Все это время, несмотря на суету и постоянные отвлечения, меня тянет писать вторую книгу. 12 ноября начала ее так:

«Детство и юность мы оба провели на юге России. Море и горы мы увидели раньше, чем леса».

Но дальше как-то не пошло. И 28 декабря появилось новое, истинное начало второй книги. Как это просто — с того, чем кончила предыдущую:

«Странно пересеклись, перекрестились в редакции „Нового мира“ два первых крупных произведения моего мужа…»

Весь следующий, 1976-й год я была поглощена работой над 2-й книгой. Я назвала ее «В споре с сильным». На нее пойдет несколько моих любимых толстых оранжевых тетрадей, а при перепечатке — уже в следующих, 77-м и 78-м годах — все это составит 500 страниц.

Стала давать кое-что из написанного прочитывать Константину Игоревичу. Он в основном хвалил меня, его одобрение воодушевляло. Советы его (многие из них записывала на магнитофон) были дельны, иногда неожиданны. Например, тогда, когда за всеми внешними силами, не давшими переехать нам в 1965-м году в Обнинск, увидел Союз писателей.
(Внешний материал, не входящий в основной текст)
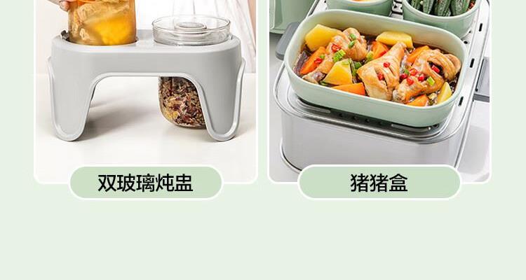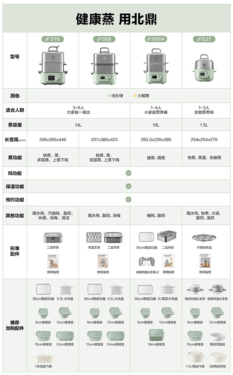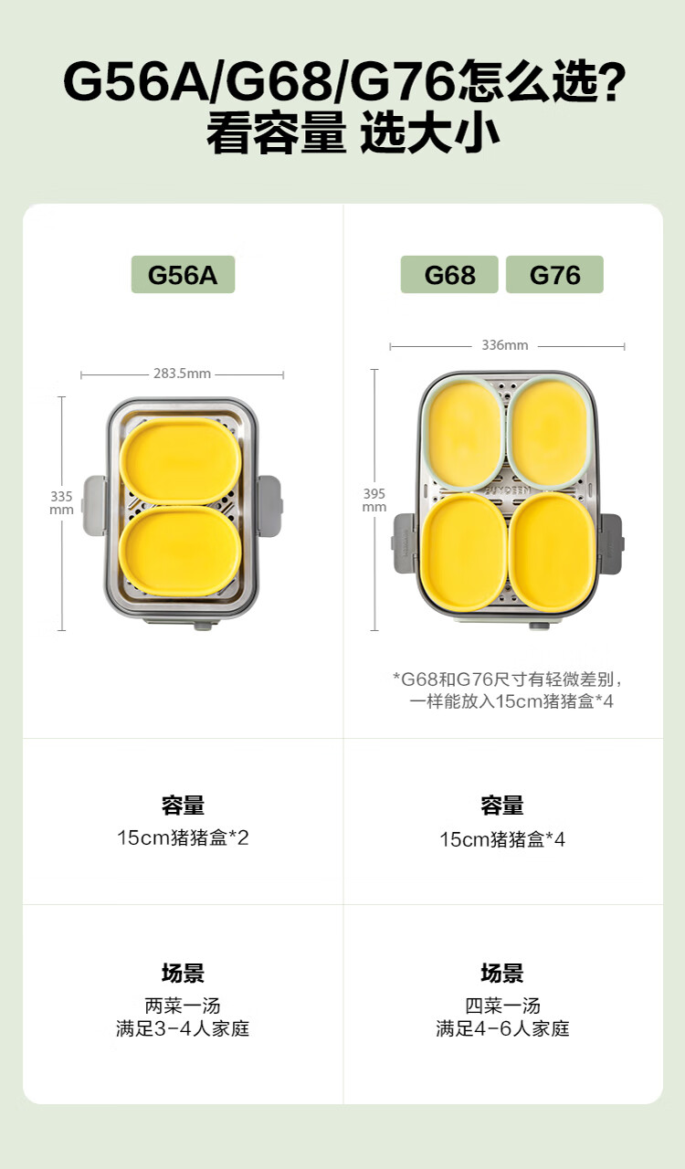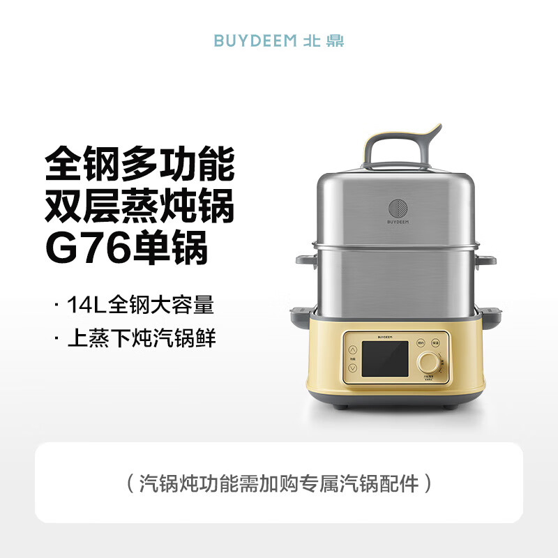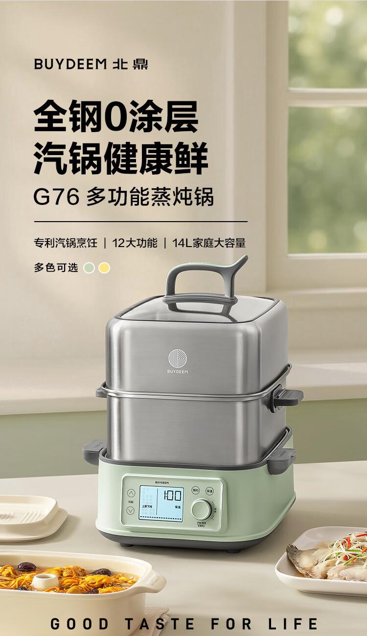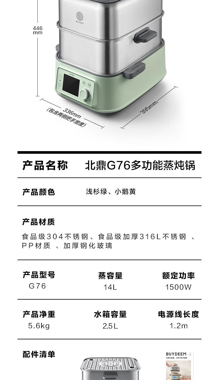 型号:G76 颜色:浅杉绿/小鹅黄 容量: 14L 功率: 1500w 净重:5.6kg 材质:食品级304不锈钢、食品级加厚316L不锈钢、 PP塑料、加厚钢化玻璃 彩盒尺寸:431*344*381mm 箱装数: 1台 配件清单:,二层蒸架*1 ,使用指南*1 产品卖点 1.超大容量 ,可满足3-6口人大家庭 ,一锅搞定全家饭; 2.高温大火 ,速蒸锁鲜 ,保留食材原汁原味; 3.1台≥8台 ,12大功能 ,三餐美味一锅搞定; 4.可上下同蒸、上蒸下炖 ,加高立体蒸; 5.全自动 ,免看火 ,可定时 ,可预约; 6.三重保险防干烧 ,安全更放心;

Константин Игоревич предлагал мне не думать о «проходимости» того, что я пишу: «иначе все будет испорчено». И этот его подход вполне мне импонирует: я и не мыслю по-иному.

Но работа над книгой в том году не заслонила от меня окружающий мир. Сделала несколько новогодних визитов к друзьям, запечатлела их на цветную пленку, отметила свой день рождения: сначала меня поздравили самые близкие, потом собрались художники и музыканты, а на третий день — все семейство Ивановых: Зинаида Ивановна — моя подруга студенческих лет, теперь профессор, доктор химических наук, ее дочь, зять и внуки. В марте посетила выставку картин супру-Тов-художников Ивашевых-Мусатовых, тоже все сфотографировала.